Work item
Which lines belong in your copy? Those from the start of the data through the line with "Евролига. Плей-офф. Третьи", exactly as written, without any pictures.

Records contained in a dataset
▬▬▬▬▬▬
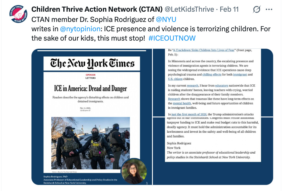 Restore sensitive location protections. Schools, hospitals, child care centers, and houses of worship must be off-limits for enforcement. When children fear that going to school will lead to their parent’s arrest, they stop going to school. The research confirms this. It is already happening.
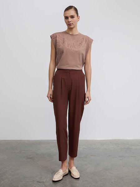 spodnie materiałowe damskie bgn spodnie materiałowe damskie z podwyższonym stanem brązowe spodnie materiałowe damskie spodnie materiałowe damskie ze sklepu limango.pl kobieta bgn kobieta limango.pl
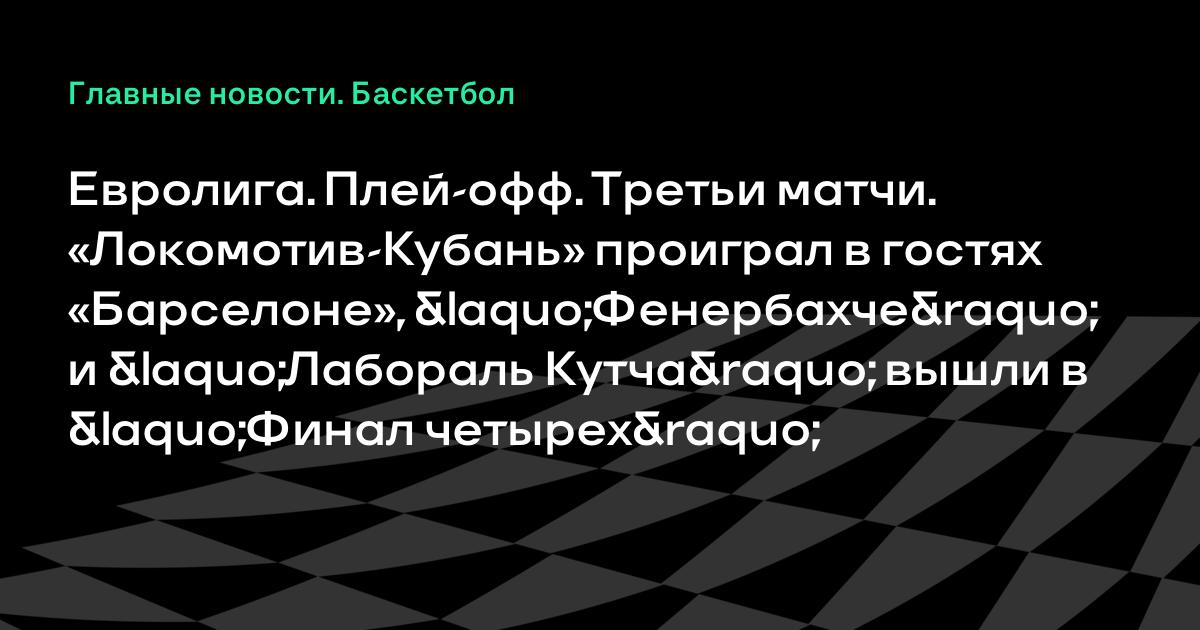 Евролига. Плей-офф. Третьи матчи. «Локомотив-Кубань» проиграл в гостях «Барселоне», «Фенербахче» и «Лабораль Кутча» вышли в «Финал четырех»
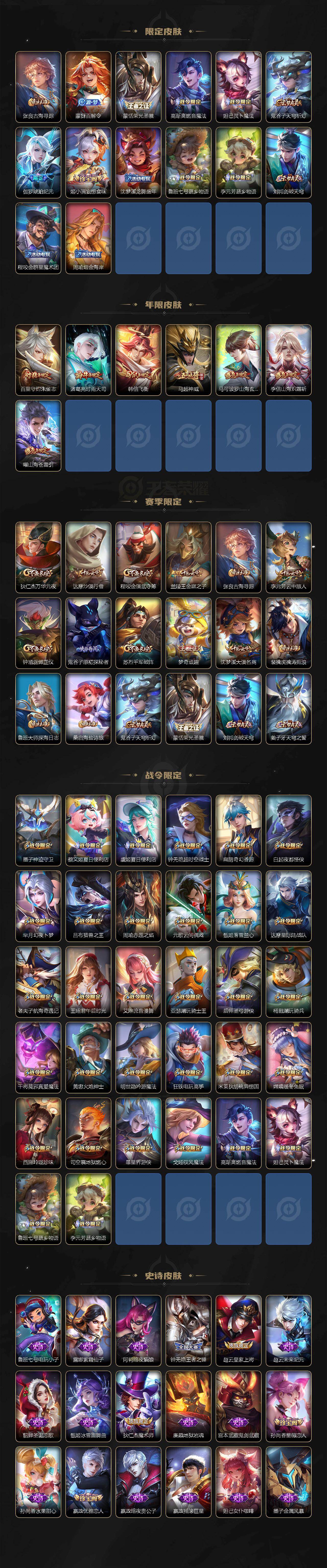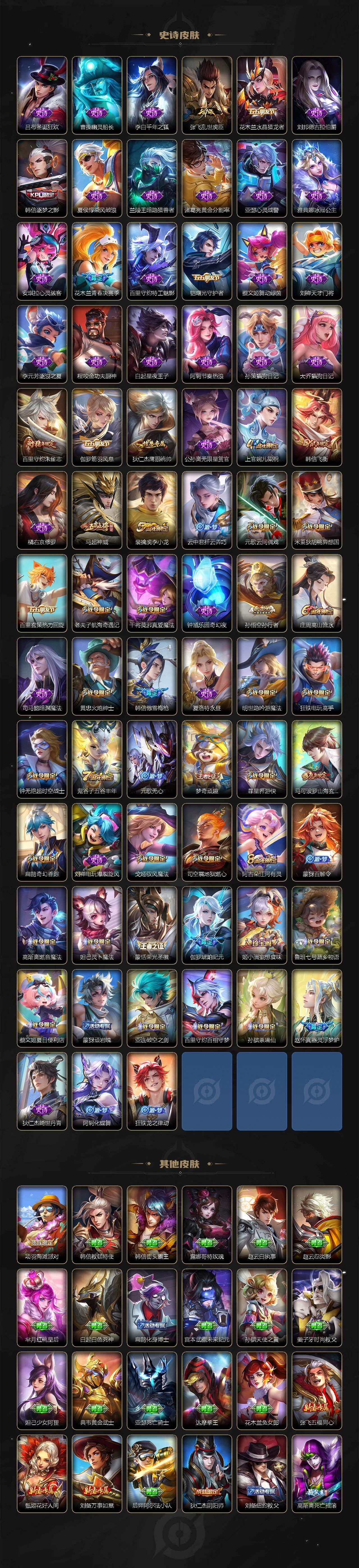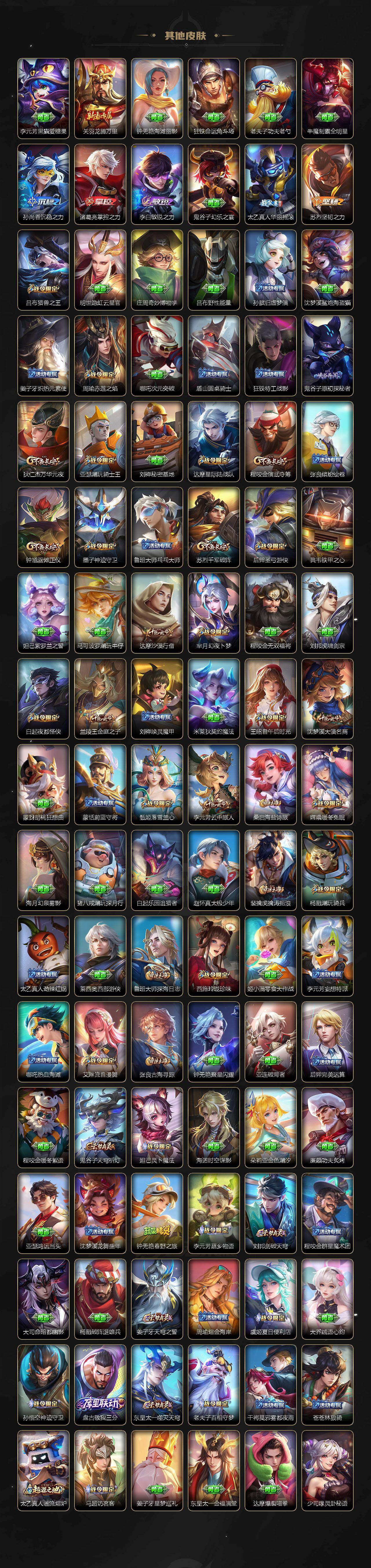 【限定皮肤】:蒙犽顽岩魄,蔡文姬夏日便利店,大乔绒语心约,虞姬夏日便利店,姜子牙天穹之誓,杨戬破阵退雄兵,狄仁杰阴阳师,赵云皇家上将,墨子神迹守卫,嬴政优雅恋人,孙尚香蔷薇恋人,庄周高山流水,高渐离死亡摇滚,钟无艳王者之锤,钟无艳超时空战士,扁鹊奇幻香踪,白起夜都怪侠,芈月幻夜卜梦,吕布猎兽之王,周瑜赤莲之焰,元歌云间偶戏,元歌无心,甄姬落雪兰心,马可波罗山海玄木吟,狄仁杰魔术师,狄仁杰万华元夜,达摩星际陆战队,达摩沙漠行僧,项羽海滩派对,老夫子航海奇遇记,程咬金演武夺筹,韩信逐梦之影,韩信飞衡,韩信傲雪梅枪,王昭君午后时光,兰陵王金庭之子,花木兰青春决赛季,亚瑟潮玩骑士王,孙悟空孙行者,后羿圣弓游侠,李元芳云中旅人,虞姬启明星使,钟馗驱傩正仪,杨戬潮玩骑兵,干将莫邪真爱魔法,太乙真人华丽摇滚,鬼谷子原初探秘者,鬼谷子五谷丰年,诸葛亮时雨天司,黄忠火炮绅士,苏烈千军破阵,百里守约朱雀志,梦奇顽趣,沈梦溪大漠名商,明世隐吟游魔法,裴擒虎李小龙,裴擒虎擒涛扼浪,狂铁电玩高手,米莱狄胡桃异想国,云中君纤云弄巧,李信山海炽霜斩,上官婉儿梁祝,嫦娥暖冬兔眠,曜山海苍雷引,西施玲珑珍味,鲁班大师探海日志,桑启海盐诗旅,暃星界游侠,戈娅驭风魔法,艾琳流音漫舞,司空震地狱燃心,阿古朵江河有灵,张良古海寻踪,蒙犽百解令,蒙恬荣光圣徽,高渐离燃音魔法,妲己灵卜魔法,鬼谷子天穹祈灯,伽罗琥珀纪元,姬小满妄想食味,沈梦溪龙舞盛年,鲁班七号蔬乡物语,李元芳蔬乡物语,刘邦剑破天穹,程咬金群星魔术团,周瑜熔金海岸
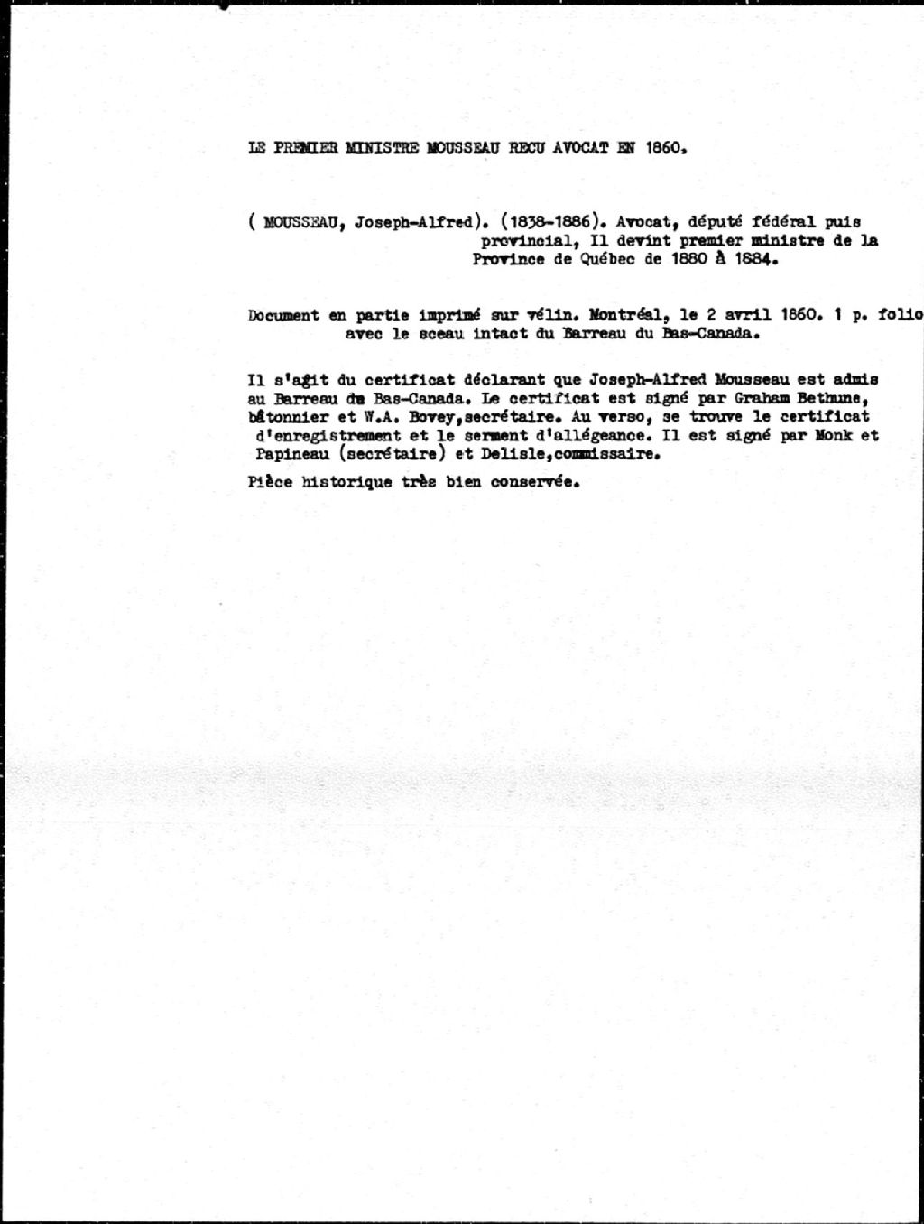 - Certificat déclarant que Joseph-Alfred Mousseau est admis au Barreau du Bas-Canada. Au verso, se trouve le certificat d'enregistrement et le serment d'allégeance, Montréal, avril 1860
▬▬▬▬▬▬
Result of this exercise
 Restore sensitive location protections. Schools, hospitals, child care centers, and houses of worship must be off-limits for enforcement. When children fear that going to school will lead to their parent’s arrest, they stop going to school. The research confirms this. It is already happening.
 spodnie materiałowe damskie bgn spodnie materiałowe damskie z podwyższonym stanem brązowe spodnie materiałowe damskie spodnie materiałowe damskie ze sklepu limango.pl kobieta bgn kobieta limango.pl
 Евролига. Плей-офф. Третьи матчи. «Локомотив-Кубань» проиграл в гостях «Барселоне», «Фенербахче» и «Лабораль Кутча» вышли в «Финал четырех»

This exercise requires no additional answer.